MIUN BiasPatrol at SemEval-2026 Task 13: Why TF-IDF can Beat Transformers for OOD Code Detection
Summary
MIUN BiasPatrol presented its system for SemEval-2026 Task 13: A, focusing on binary classification of human-written versus machine-generated code across diverse programming languages. The system systematically compared traditional classifiers, including Random Forest and XGBoost with statistical and TF-IDF features, against pipelines using frozen embeddings from advanced code transformers like UniXcoder and GraphCodeBERT. Results showed transformer-based pipelines achieved up to 0.89 Macro F1 in-distribution but suffered severe performance drops up to 77% on out-of-distribution languages. Conversely, TF-IDF models with tree-based classifiers demonstrated significantly greater stability. This fragility in transformers was attributed to a bias toward superficial formatting, specifically whitespace, which space normalization improved for traditional models but highlighted its ongoing influence on embeddings.
Key takeaway
For Machine Learning Engineers building AI-generated code detection systems, you should critically evaluate your model's out-of-distribution performance. While transformer models may excel in-distribution, their significant performance degradation on unseen languages or domains suggests prioritizing simpler, well-normalized lexical features like TF-IDF. Focus on robust feature engineering and rigorous OOD testing to ensure your detection systems are generalizable and reliable in real-world, diverse coding environments.
Key insights
Transformer-based code detection systems exhibit significant fragility to out-of-distribution data due to superficial feature bias.
Principles
- Transformer embeddings are fragile to distribution shifts.

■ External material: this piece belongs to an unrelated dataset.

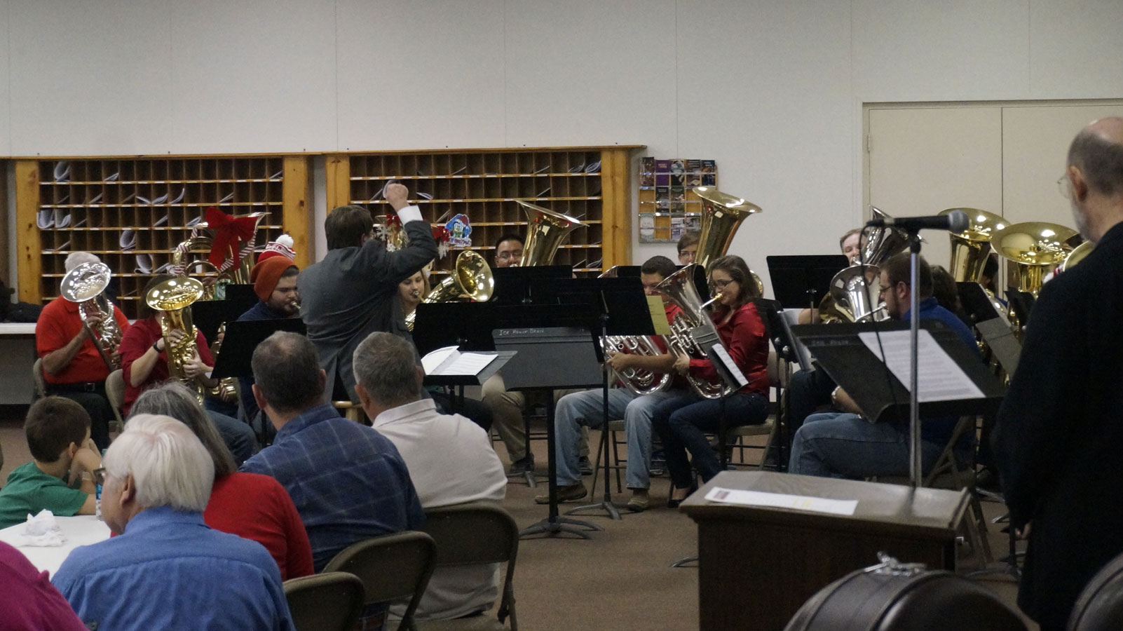 About 100 Christmas revelers gathered at the Trinity Lutheran Church, 3536 YMCA Drive, at noon Saturday to hear Christmas carols performed by 16 tubas and euphoniums, eight of each. The annual event, organized by volunteers and spearheaded by San Angelo tubist Eric Hansen, attracts musicians from all over the region. Two tubists drove down from Snyder, two from Sonora and one from Miles.

- Lexical features enhance OOD detection stability.
- Whitespace bias impacts transformer code analysis.
Method
The system compares traditional classifiers using statistical and TF-IDF features against transformer pipelines with frozen embeddings for binary classification of human-written versus machine-generated code.
In practice
- Normalize code whitespace for robustness.
- Prioritize TF-IDF for OOD code detection.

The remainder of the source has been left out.